Records from a data source:
---

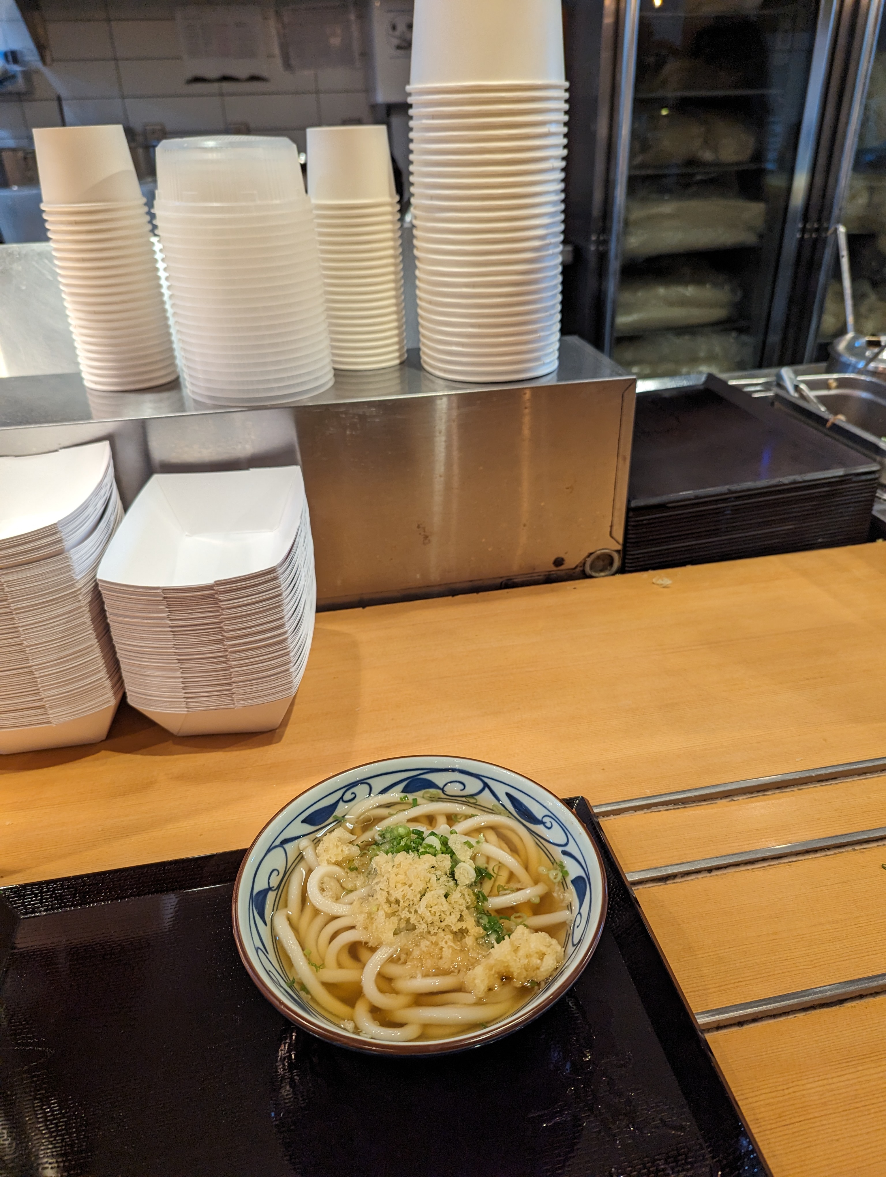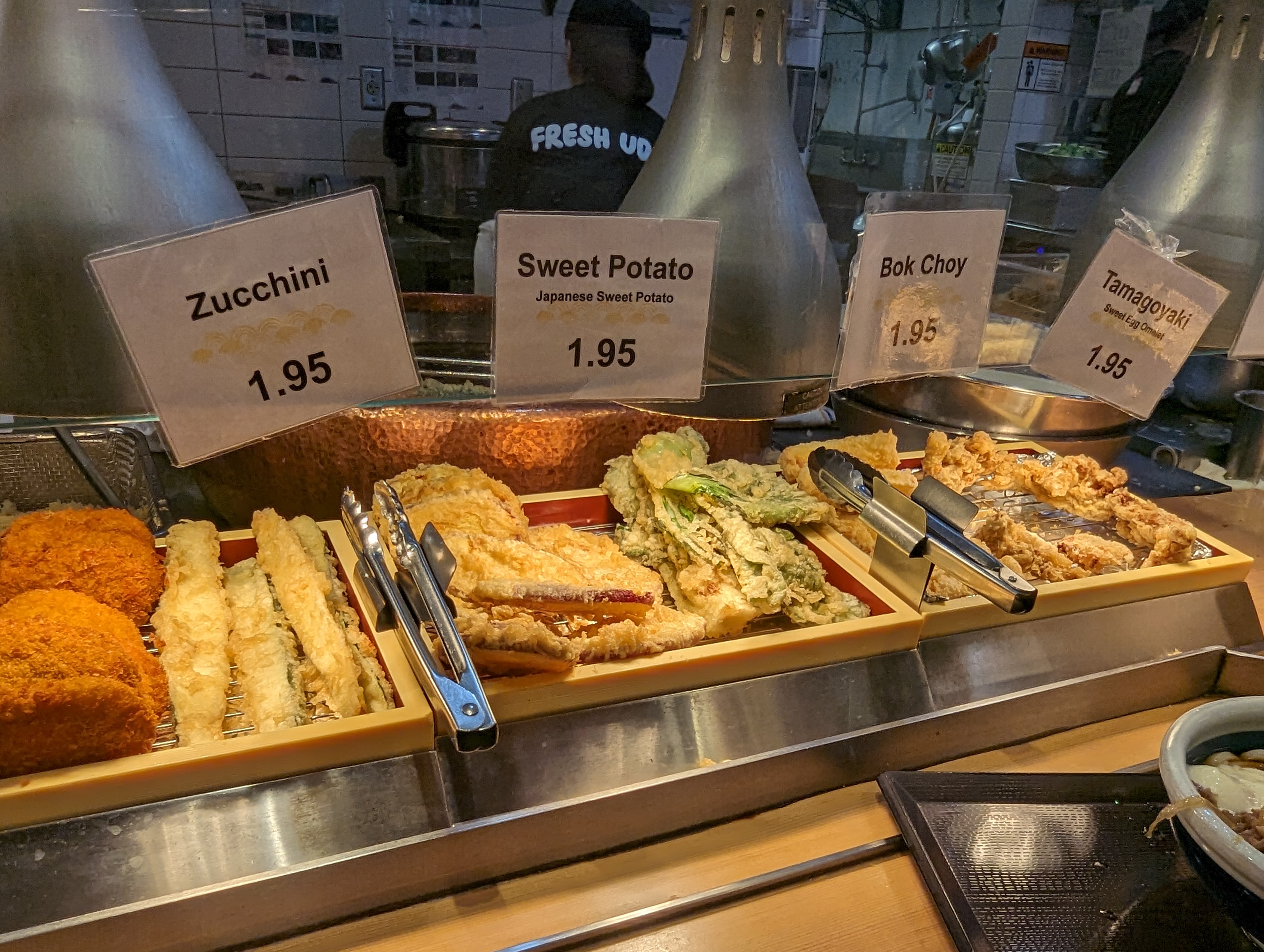 줄서서 주문하는, 약간 카페테리아 스타일이라고 보시면 됩니다. 우동만 주문해도 되고 우동과 텐푸라를 같이 주문도 가능해요. 작은 부분이지만 우동을 담아 주기 전 그릇을 한번 뜨거운 물에 헹궈주더군요. 이러면 더 따끈한 상태의 우동을 받을 수 있는데요, 미국으로 오퍼레이션을 옮기면서 신경을 많이 쓴 느낌이 들었어요.
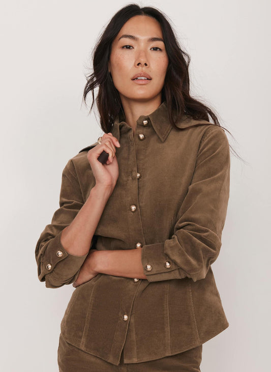 Brown Fitted Corduroy Shirt
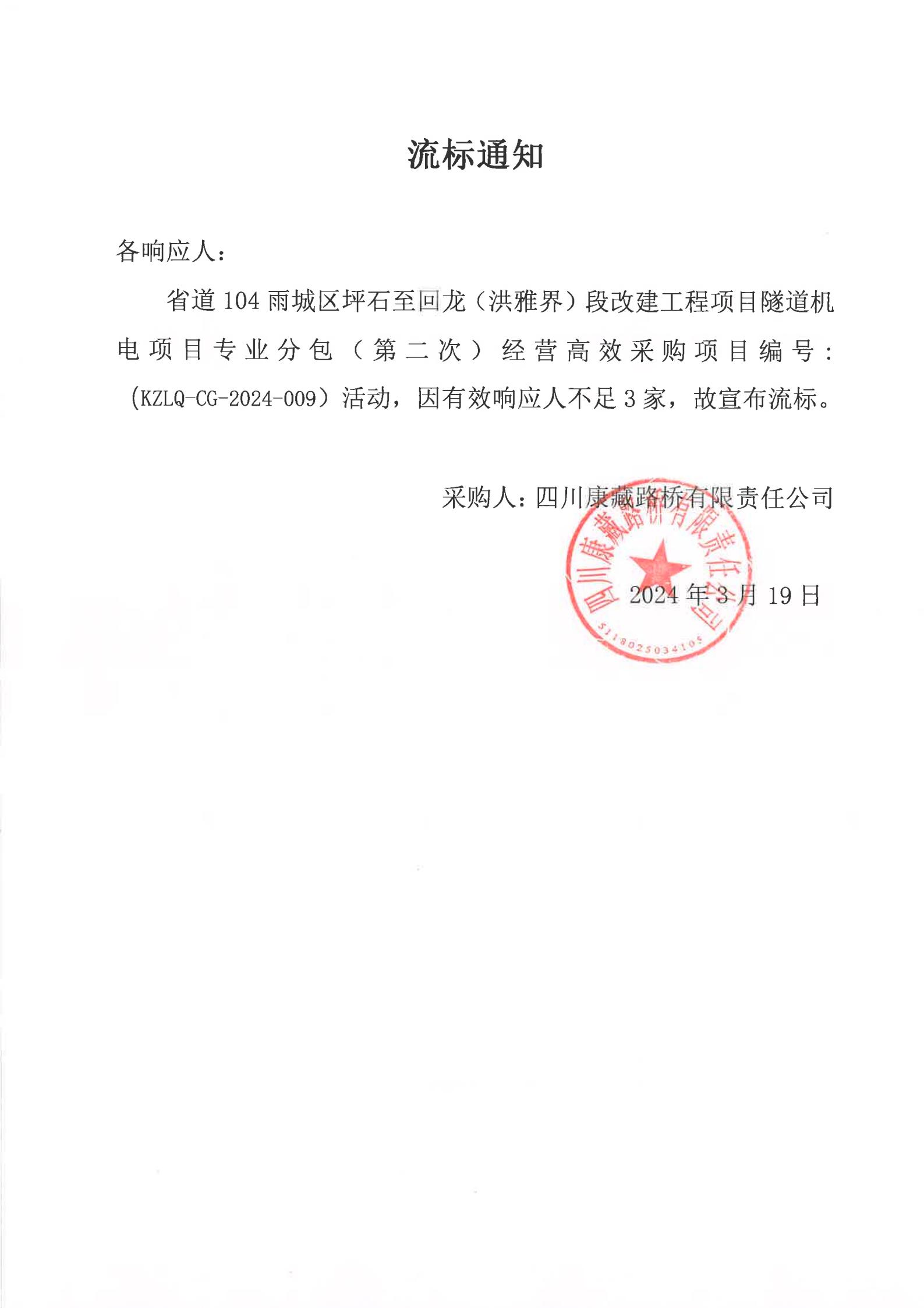 四川康藏路橋有限責(zé)任公司省道104雨城區(qū)坪石至回龍(洪雅界)段改建工程項目隧道機電項目專業(yè)分包經(jīng)營高效采購(第二次)流標(biāo)通知
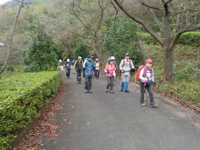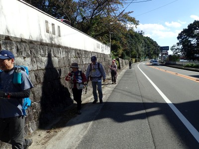 ここからスタート地点まで車道の路側帯を一列に並んで歩く。
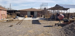 I’m not sure about you but we’ve been thinking on setting up a big out door work space since we bought our house. We need a spot to build Edible Carnival attractions after all, and we’ve found that out here in New Mexico if you have shade you can basically work outdoors year round. We installed a small awning Russell had built at our previous residence but it’s not large enough to accommodate our next projects so we decided it would behoove us to install a much larger covered work area.
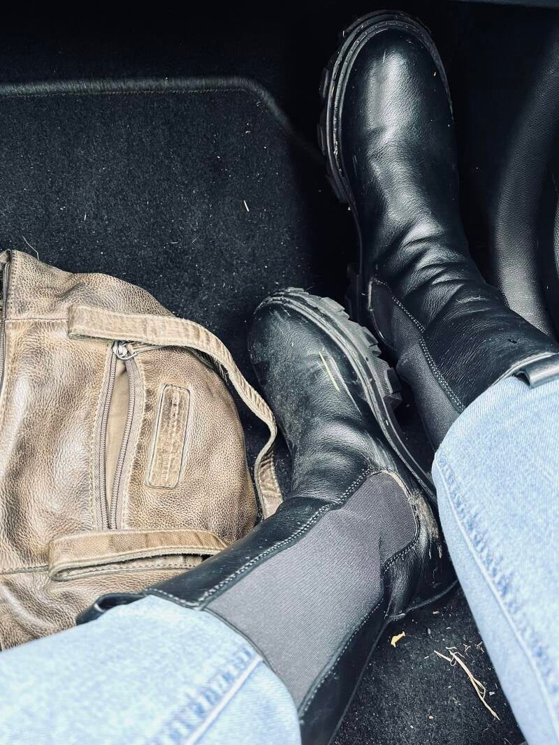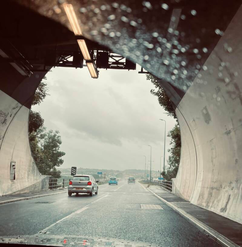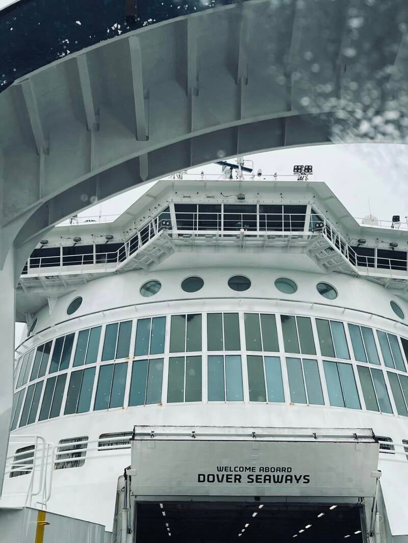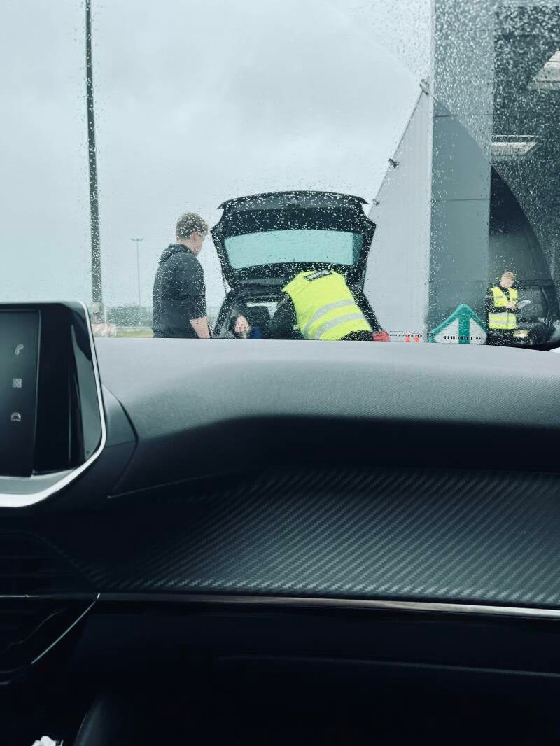 Ik heb op het laatste moment mijn stevige stapper laarzen omgeruild met mijn nieuwe witte all stars want dat weer... Mijn dikke vest grijp ik ook nog even mee. En dan gaan we rijden. We hebben bijna 4 uur voor de boeg en moeten ons een uur van te voren melden bij de gate in Duinkerken. We hebben nog een extra uur gereserveerd voor de plasjes, de koffie en eventuele files. Eenmaal lekker op weg begin ik me af te vragen of ik, als bijrijder, ook een airbag heb. Het dashboard ziet er niet zo uit. Volgens mijn chauffeur zit het ding er echt wel in maar ook hij haalt zijn wenkbrauwen op als hij eens goed kijkt. Er zit niets anders op dan het boekje er eens op na te slaan. Voor dat soort dingen hebben we opeens tijd. En ja hoor, onze Pierre is netjes voorzien van twee airbags. We kunnen weer met gerust hart verder, je kan het maar beter even weten. Na de nodige plasjes en toch wat korte files komen we in Duinkerken aan en moeten we door 6 controle poorten waar tickets, paspoorten en auto gecheckt worden. De eerste poortjes hebben Franse medewerkers, de laatsten worden bemand door de Engelsen. We moeten 2 keer onze paspoorten tonen en de achterbak en achterbank laten zien. Voor ons rijden een drietal Engelse jongens en als daar de achterbak opengaat komt er een enkele hand tevoorschijn. Die hand komt achter alle meuk vandaan en houdt een voorwerp vast om te voorkomen dat het uit de auto valt als de deur opengaat. Het is een hilarisch gezicht. Bij de tweede keer verkneukelen wij ons al op dat beeld en ja hoor, daar is hij weer! Ik kan er nog net een foto van schieten.
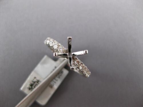 18KT WHITE GOLD SIZEABLE SEMI-MOUNT ENGAGEMENT RING. 3D CLASSIC FOUR PRONG ETERNITY DESIGN. ROUND DIAMONDS ARE F/G COLOR, VSSI CLARITY .91 CARATS. FITS ROUND STONE UP TO 6.5MM. RING MEASURES 7.5mm WIDE. RING SIZE 6.5. CAN BE SIZED BY OUR MASTER JEWELER UPON REQUEST. WRITTEN APPRAISAL AVAILABLE. COMES IN A PRESENTABLE GIFT BOX.

---

Exercise instructions: The response should consist of the lines above from the first through the one containing "I’m not sure", transcribed exactly, with every picture left out.

Completed exercise:
 줄서서 주문하는, 약간 카페테리아 스타일이라고 보시면 됩니다. 우동만 주문해도 되고 우동과 텐푸라를 같이 주문도 가능해요. 작은 부분이지만 우동을 담아 주기 전 그릇을 한번 뜨거운 물에 헹궈주더군요. 이러면 더 따끈한 상태의 우동을 받을 수 있는데요, 미국으로 오퍼레이션을 옮기면서 신경을 많이 쓴 느낌이 들었어요.
 Brown Fitted Corduroy Shirt
 四川康藏路橋有限責(zé)任公司省道104雨城區(qū)坪石至回龍(洪雅界)段改建工程項目隧道機電項目專業(yè)分包經(jīng)營高效采購(第二次)流標(biāo)通知
 ここからスタート地点まで車道の路側帯を一列に並んで歩く。
 I’m not sure about you but we’ve been thinking on setting up a big out door work space since we bought our house. We need a spot to build Edible Carnival attractions after all, and we’ve found that out here in New Mexico if you have shade you can basically work outdoors year round. We installed a small awning Russell had built at our previous residence but it’s not large enough to accommodate our next projects so we decided it would behoove us to install a much larger covered work area.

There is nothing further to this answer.